# A Poor Retired Plumbers Take on a Taco



## Coleve (Oct 31, 2012)

Hi there fraternity.

Just really getting back into production since my accident and it has taken a little longer than I expected, so here goes on my first post-accident project.

As everyone knows Taco’s were invented by a Scotsman and not by as originally thought a Mexican’s. You may scoff at this statement, but I have absolute proof as I am about to divulge.

Now once upon a time there was a young Scots lass called Heather who lived with her husband who I think was called Conner, of the Clan MacLeod, this was during the time of the Highland clearances.

Now Conner had just informed his wife he was hungry and asked her to griddle some pancakes (another Scottish delicacy), but that’s another story.


Now because the English were trying to starve everyone out of the highlands pancake mix was in short supply and poor Heather only had a small amount left. She did her best and had to spread the batter really thinly.

Conner who was outside swinging his sword about, could smell the cooking, came in all expectantly.

To his horror he could only see one very thin pancake, where’s the other one he asked. Heather replied. There can only be one.

Heather asked Conner to tend to the pancake as she had to go to Loch Lomond to fetch a pail of water.

Now unfortunately Conner was not up to date with another Clan Scotsman, Gordon Ramsay and didn’t have a clue as to cooking a pancake, any way he decided to go outside and practice his sword swing again,

He nipped back inside much later, and to his horror his extra thin pancake had curled up at the edges. Heather will kill me he thought. He made the decision to try and flatten it out with the flat edge of his sword, but it stubbornly curled up again. Panic was setting in. Its too hot he thought and slipped the blade under it and ran outside. By this time the pancake had drooped over the blade and solidified in the cold Scottish air. I really am dead he thought, just as Sweet Heather came down the hill with a bucket of water.

What’s that she enquired, it’s the pancake he murmured. That’s a good idea she replied, what’s a good idea he asked. Well you know how my chili keeps falling off my pancakes, yes, he nodded, well this new shape is perfect, well done my clever husband.
I rest my case. 


So now I have convinced all the sceptics in the forum I shall turn my attention to the making of a Scottish Taco holder.
Now the photos tell most of the story, apart from all the disasters, so where to begin.

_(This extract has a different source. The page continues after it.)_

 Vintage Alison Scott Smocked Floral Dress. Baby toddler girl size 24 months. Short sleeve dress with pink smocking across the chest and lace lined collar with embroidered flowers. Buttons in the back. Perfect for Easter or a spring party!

About fifteen years ago I stripped out an old kitchen for a customer and decided to keep all the doors etc. The reason being Oak is impossibly expensive over here in Scotland and I have been working my way through the doors over the years, of about 20 or so I had two left, now I have none.

The first of the two doors were cut and went through the planer with disastrous results. I did not realise that’s the boor blanks are just laminated together with crap wood and when I stripped them, I found them full of shakes, holes and cracks that were carefully covered during manufacturing. 

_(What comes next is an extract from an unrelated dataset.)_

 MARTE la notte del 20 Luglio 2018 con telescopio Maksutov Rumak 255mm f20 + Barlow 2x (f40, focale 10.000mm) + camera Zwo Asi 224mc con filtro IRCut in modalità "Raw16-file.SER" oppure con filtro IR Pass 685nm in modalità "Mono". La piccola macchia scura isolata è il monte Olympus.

The second and last door I started with 60 grit and finished with 240, and much better. I did mange to remove all the clear coat.
The handles were a tenner for fifteen from Amazon.

I only had to make one jig which was for drilling the angled holes for the side handles.

I am not going through the manufacture of the boards as its quite obvious from the enclosed photos. 

While I was cursing and swearing in the workshop my good wife was busy creating another Scottish mouth-watering delight, yes, a sausage roll. Can’t get them or the Forfar bridie when visiting my son in Houston, plenty of Taco’s though. 


Consumer Warning

As you feast your eyes on my culinary delights, a word of warning.

The first warning related to screw size. Never use anything shorter than 4inch. On my first attempt I found the inch and a half screws tended to tip out the end of the Taco

Second warning is the washers. They were a nightmare, kept rolling off the ends and when they hit the dining room floor they shot off in every direction. I eventually solved the problem by coating them in a good quality honing paste, similar to crème fresh.

Lastly and worst was the sawdust shavings, it spooned on without any bother, but you have to hold it absolutely horizontal, even tried the honing paste. And don’t sneeze whatever you do. I’m sticking to screws and washers. 

Colin from Scotland

Back in the saddle


----------



## DesertRatTom (Jul 3, 2012)

Well Colin, you've done it again, proven the superior brain power and happy-accident-prone, nature of Scots. Living in Taco central (Southern California) I find your project borderline genius. If a restaurant here served their fish and conventional tacos on those open serving trays, they could triple their price.

I wonder if you have any intelligence on the actual origins of hot dogs? They bear a certain resemblance to Haggis, which suggests a relationship. However, that is just a guess. Perhaps you can tell us the real story.

Happy you are recovering from the accident, we've missed you.


----------



## Herb Stoops (Aug 28, 2012)

Good job, I have never even in my wildest dreams thought of one. You have my mouth watering now. Those old cabinet doors made good taco trays.
Herb


----------



## JOAT (Apr 9, 2010)

Boy, that was informative. Nice tray too. Next time can you tell us how the Scots invented pizza?


----------



## DaninVan (Jan 1, 2012)

Well done, Sir! 
(But I really wanted mine Medium...)


----------



## Nickp (Dec 4, 2012)

Thank you for sharing Conner's story...made for pleasant reading.

And the Taco holders look great...VERY NICE...! ! !


----------



## Oscar36 (Feb 23, 2019)

Creative and whimsical. lol. That has a ton of cool points. 

But I also just read you guys also do haggis tacos. Whhhyyyy?!?!?!

First time I had haggis was at a small B&B in Edinburgh. Right up there with marmite. Much like out gravy and biscuits, it is an acquired taste I think.


----------



## sreilly (May 22, 2018)

Very creative and well served. Thanks for filling in all those finer details they leave out in our history classes. I feel smarter already.


----------



## marecat3 (Nov 30, 2010)

loved the story


----------



## Flipsaw (Mar 11, 2016)

Nice Project with a very informative "history" lesson also. Was glad to get some earlier life background on Connor since they didn't go into those every day details from Highlander.


----------



## Bstrom (Jan 2, 2020)

This is the kind of mania that is all too scarce these days - sir, can I have another?! (Isolation has its advantages...)


----------



## radios (Sep 30, 2009)

interesting, but, https://www.vallartaeats.com/history-of-the-taco/ also, as a retired plumber, you know that THIS is a taco!. https://www.tacocomfort.com/product-category/pumps/


----------



## Stick486 (Jan 4, 2013)

radios said:


> interesting, but, https://www.vallartaeats.com/history-of-the-taco/ also, as a retired plumber, you know that THIS is a taco!. https://www.tacocomfort.com/product-category/pumps/


but aren't those pumps pronounced TAY-CO???


----------



## DesertRatTom (Jul 3, 2012)

An obvious bastardization of the language.


----------